Step 3: Express the Strain Energy Density
Strain energy per unit volume, u , stored in the material due to stress is given by
u = \frac{1}{2} \cdot \frac{\sigma^2}{Y}.
Substitute \sigma = Y \,\alpha \,\Delta T into this expression:
u = \frac{1}{2}\,\frac{\left(Y \,\alpha \,\Delta T\right)^2}{Y}
= \frac{1}{2} \,Y \,\alpha^2 \,\Delta T^2.
Step 4: Find the Energy Stored per Unit Length
Energy stored per unit length of the track is the strain energy density multiplied by the cross-sectional area A :
\text{Energy per unit length}
= A \times u
= A \times \left(\frac{1}{2} Y\,\alpha^2\,\Delta T^2\right).
Step 5: Substitute the Numerical Values
Plug in the given values:
A = 0.01 \text{ m}^2 = 10^{-2}\,\text{m}^2, \quad
Y = 10^{11}\,\text{N/m}^2, \quad
\alpha^2 = (10^{-5})^2 = 10^{-10},\quad
\Delta T^2 = (10)^2 = 100.
Thus,
\text{Energy per unit length}
= \frac{1}{2} \times 10^{-2} \times 10^{11} \times 10^{-10} \times 100.

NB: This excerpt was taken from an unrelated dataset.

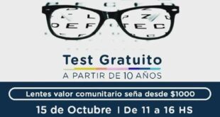 El equipo de #CREAR invita a una nueva jornada de salud visual, el viernes 15 de octubre. Podes hacer la consulta y test con oftalmólogos de forma gratuita y también comprar los lentes recetados a un valor comunitario. Niños desde los 10 años. Se realizará en el local en Boulevard n°2245 y 122 desde las 11 hasta las 16 horas. …

Step 6: Simplify the Expression
Combine the powers of 10 carefully:
10^{-2} \times 10^{11} \times 10^{-10} = 10^{-2} \times 10^{1} = 10^{-1} = 0.1,
so the product before multiplying by \frac{1}{2} and 100 is
0.1 \times 100 = 10.
Finally, multiply by \frac{1}{2} :
\text{Energy per unit length} = \frac{1}{2} \times 10 = 5 \text{ J/m}.
Final Answer
The energy stored per meter in the track is 5 J/m.